Deconstructed nachos were the inspiration behind this fun pizza. Made with chili-spiced black-bean puree, tomatoes, olives, shredded lettuce and cheese on a whole-wheat crust, the pie also gets a little sour cream (a nacho staple) on top.
1 can canned black beans, rinsed
1 jar 5-7oz jarred roasted red peppers
1 garlic clove OR 1 ½ Tsp minced garlic
1 tablespoon chili powder
1 pound whole-wheat pizza dough OR I used a Large Boboli Thin Pizza Crust
Cornmeal, for dusting IF you are using pizza dough
1 cup shredded Monterey Jack cheese OR I used a combination of Mozzeralla and Sharp Cheddar - use what you have on hand
1 cup cup grape tomatoes, halved
A small can of pitted black olives, sliced
2 scallions, thinly sliced
shredded butter lettuce
Set a pizza stone on the bottom of the oven and preheat the oven to 450°. In a food processor, combine the black beans with the roasted red peppers, garlic clove and chili powder and puree until smooth. Season with salt.

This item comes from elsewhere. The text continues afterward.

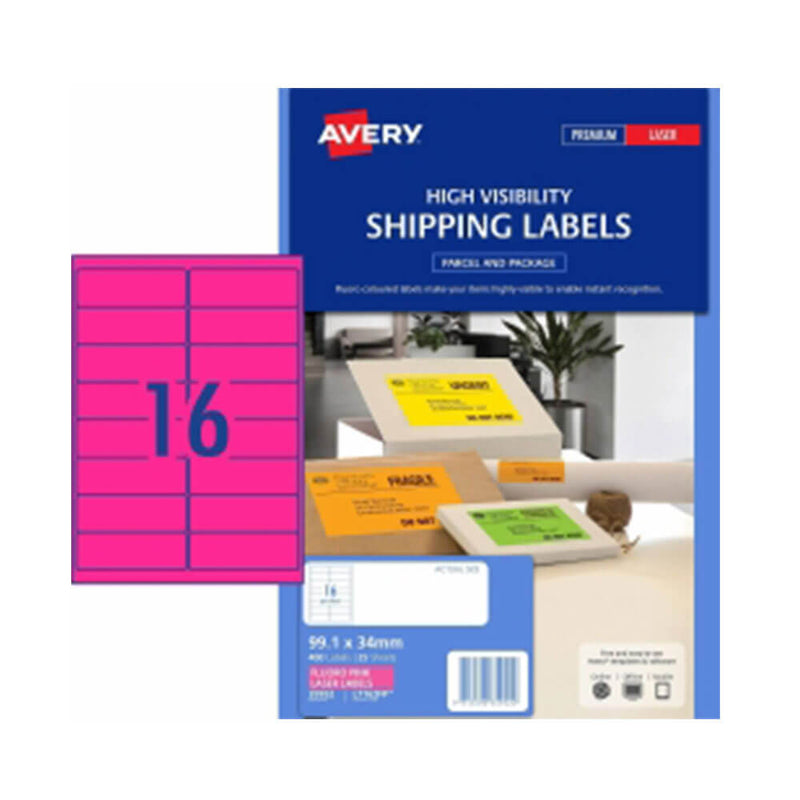 Als je wilt dat iets opvalt, zal alleen fluor van hoge zichtbaarheid doen en Avery fluor roze scheepvaartlabels zullen niet falen om de aandacht te trekken. Ideaal voor pakketten die dringend moeten worden gelezen, of zelfs voor het markeren van fragiele pakketten waarbij u de koerier of ontvanger wilt om voor hen te zorgen. Deze fluorroze labels kunnen worden afgedrukt met uw eigen aangepaste bericht, zodat ze geweldig zijn voor het labelen van pakketten en andere belangrijke e -mail. Ze zijn ook ideaal voor het markeren van documenten en bestanden die speciale aandacht nodig hebben. Beschikbaar in een labelformaat van 99,1 x 34 mm met 16 labels per vel en een reeks andere kleuren en maten die aan uw etiketteringsbehoeften voldoen. Gebruik eenvoudig de gratis en eenvoudig te gebruiken Avery Design & Print Online Software om uw labels in minuten te ontwerpen en af te drukken.

Stretch the pizza dough to a 12-inch round and transfer to a cornmeal-dusted pizza peel. OR use the Boboli Pizza crust. Spread the black-bean puree on top, leaving a 1/2-inch border. Sprinkle with the cheese, tomatoes, olives and scallion.
As a note: I cut the cherry tomatoes in half and roasted them in the oven in a cast iron pan drizzled with Olive oil and sprinkled with kosher salt for 10 min before I put them on the pizza.
Slide the pizza onto the preheated stone and bake for 12 minutes, until the bottom is crisp and the cheese is bubbling. Transfer the pizza to a work surface and top with the lettuce and dollops of the sour cream and cilantro if using it. Cut into wedges and serve at once.